Archive for December, 2010
The Arrrggghhhh Factor
I’m having one of those, you know, moments.
So I’ll just put in a couple of things, and go drink tea.
First, I didn’t say, yesterday, that students are not influenced by what they read.
I said they weren’t being influenced by what they haven’t read.
The rise of modernism in literature may or may not be the cause of all kinds of things, but it isn’t going to cause them in anybody who hasn’t read it.
Yes, Robert is out of date. The vast majority of college students get through school these days reading no fiction at all.
None. Zip. Zero. Not so much as a single short story or poem.
As for grades 7 to 12, the trend is to go to nonfiction “life stories,” like Into the Void and My Sister’s Keeper, not fiction of any sort, never mind things like Silas Marner or even Catcher in the Rye.

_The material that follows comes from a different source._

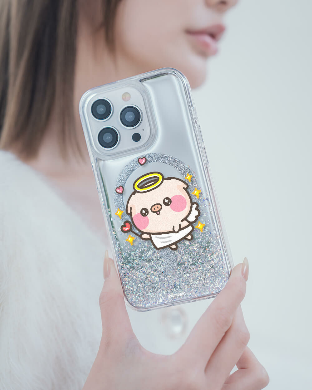 【授權聯名】天使萌萌豬 (MagSafe磁吸) 閃耀鏡面殼 - (訂製名字) iPhone客製化手機殼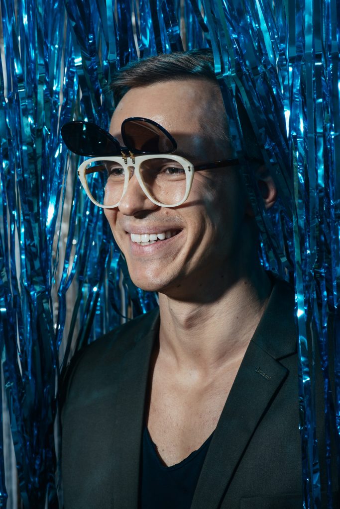Į sostinės senamiestyje įkurtos optikos studijos „Glasses On“ atidarymą susirinkę mados ir stiliaus mylėtojai pakliuvo į čia pat įkurtą improvizuotą D. Ščiukos foto studiją. Kol už lango nuolat pliaupia lietuviškos vasaros liūtys, fotografas pakvietė „išsimaudyti“ žvaigždžių lietuje, žėrinčiame sidabru ir vandenyno mėliu.

Next time you hear a conflict about something like Catcher, by the way, pay attention to the details–the book was almost always assigned in an “honours” course or “gifted student” program.
Second, yes, I do think that what happens is that what begins in high culture trickles down to more popular forms over time.
But I wasn’t thinking of “stories about depressed women in suburbia” as I was thinking about approaches and techniques.
Stream of consciousness, which was an outrageous inovation when Joyce did it, is now standard throughout popular literature, as is the untrustworthy narrator, which made it from Ford Maddox Ford to Agatha Christie in just about ten years.
Third, yes, it was once the job of universities to introduce young people to ideas–and if you go to Harvard or Duke or Johns Hopkins, that just might happen.
But over two thirds of all college students in the US go to third and fourth tier institutions, and those don’t bother with ideas of any kind if they can help it.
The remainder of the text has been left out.